Nouvelle preuve scientifique : l’analyse post-mortem de cerveaux appartenant à d’anciens joueurs professionnels de la NFL révèle que la quasi-totalité présentait une encéphalopathie traumatique chronique (ETC). Ces diagnostics, établis après décès, confirment l’association entre lésions cérébrales dégénératives et l’exposition répétée à des impacts à la tête au cours de carrières dans des disciplines à contact.
Les symptômes attribués à l’ETC incluent des troubles de la mémoire, des états dépressifs et des épisodes d’agressivité, troubles qui ont été observés chez de nombreux anciens athlètes avant leur décès. Le constat des examens post-mortem alimente les connaissances sur le caractère progressif et dégénératif de cette pathologie, et souligne les enjeux pour la santé publique des pratiquants professionnels et amateurs.
Ces résultats renforcent les interrogations sur la prévention et la gestion des traumatismes crâniens dans les disciplines concernées. Les conclusions alimentent le débat sur l’évolution des règles de jeu, les protocoles de prise en charge des commotions et la formation des encadrements techniques. Parallèlement, elles pèsent sur les choix des familles, des clubs et des institutions concernant la protection des jeunes pratiquants et la surveillance médicale à long terme.

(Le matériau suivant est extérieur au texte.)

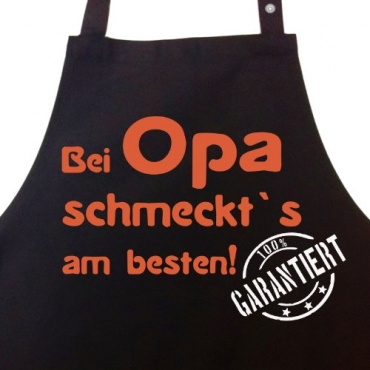 Durch das Tragen dieser Grillschürze werden Fettspritzer auf die Bekleidung vermieden und am aufgedruckten Spruch "Bei OPA schmeckts am besten" ist sofort zu erkennen, wer am Grill oder auch Herd steht. Sie ist belastbar und lässt sich gut tragen. Obendrein ist diese Kochschürze eine nette und witzige Geschenkidee für denjenigen Opa, der eigentlich schon alles hat und wunschlos glücklich ist.

La publication de ces examens relance également les demandes de transparence et de mesures concrètes auprès des instances sportives, dont la NFL. Des spécialistes appellent à intensifier la recherche, à développer le suivi post-carrière des joueurs et à améliorer l’accès aux soins pour les anciens athlètes. À court terme, les autorités médicales, les fédérations et les clubs sont confrontés à la nécessité de concilier pratique sportive et protection cérébrale, alors que la communauté scientifique poursuit l’évaluation des voies de prévention et des prises en charge adaptées.